Regulation of secretion Hypothalamus regulates ACTH release from pituitary through corticotropin releasing hormone (CRH). The CRH receptor on corticotropes is also a G protein coupled receptor which increases ACTH synthesis as well as release through increased cAMP. Secretion of ACTH has a circadian rhythm. Peak plasma levels occur in the early morning, decrease during day and are lowest at midnight.
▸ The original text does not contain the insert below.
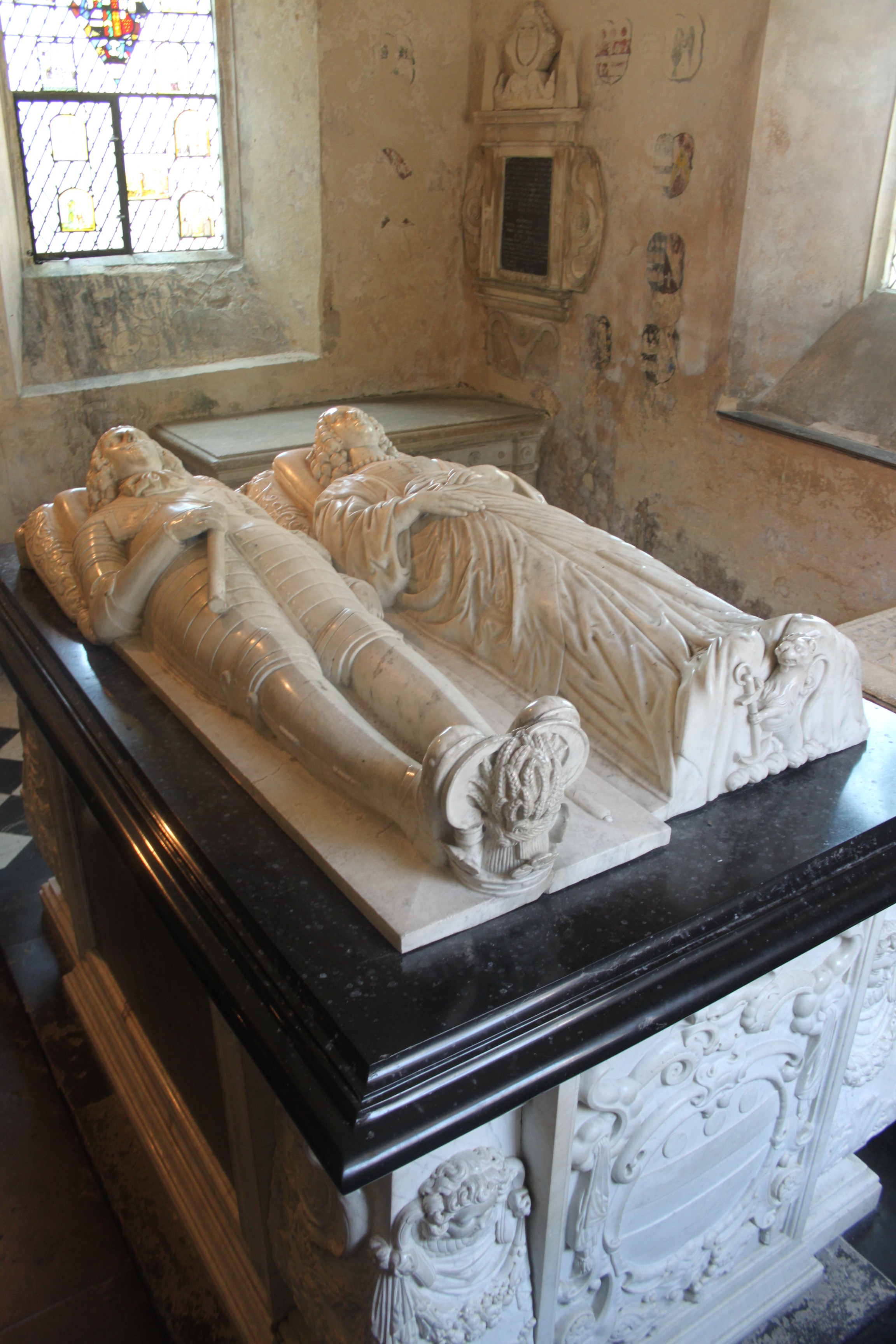 Monument to Sir Edward Hungerford (1596–1648), St Leonard's Chapel, Farleigh Hungerford Castle, Wiltshire/Somerset Wikidata has entry Q17529906 with data related to this building.

Corticosteroids exert inhibitory feedback influence on ACTH production by acting directly on the pituitary as well as indirectly through hypothalamus.
A variety of stressful stimuli, e.g., trauma, surgery, severe pain, anxiety, fear, blood loss, exposure to cold, etc. generate neural impulses which converge on median eminence to cause elaboration of CRH. The feedback inhibition appears to be overpowered during stress—rise in ACTH secretion continues despite high plasma level of cortisol induced by it. Vasopressin has been found to enhance action of CRH on corticotropes and augment ACTH release.
Pathological involvement Excess production of ACTH from basophil pituitary tumors is responsible for some cases of Cushing’s syndrome. Hypocorism occurs in pituitary insufficiency due to low ACTH production. Iatrogenic suppression of ACTH secretion and pituitary adrenal axis is the most common form of abnormality encountered currently due to the use of pharmacological doses of glucocorticoids in nonendocrine diseases.
Use ACTH is used primarily for the diagnosis of disorders of pituitary adrenal axis. Injected i.v. 25 IU causes increase in plasma cortisol if the adrenals are functional. Direct assay of plasma ACTH level is now preferred.
For therapeutic purposes, ACTH does not offer any advantage over corticosteroids and is more inconvenient, expensive as well as less predictable.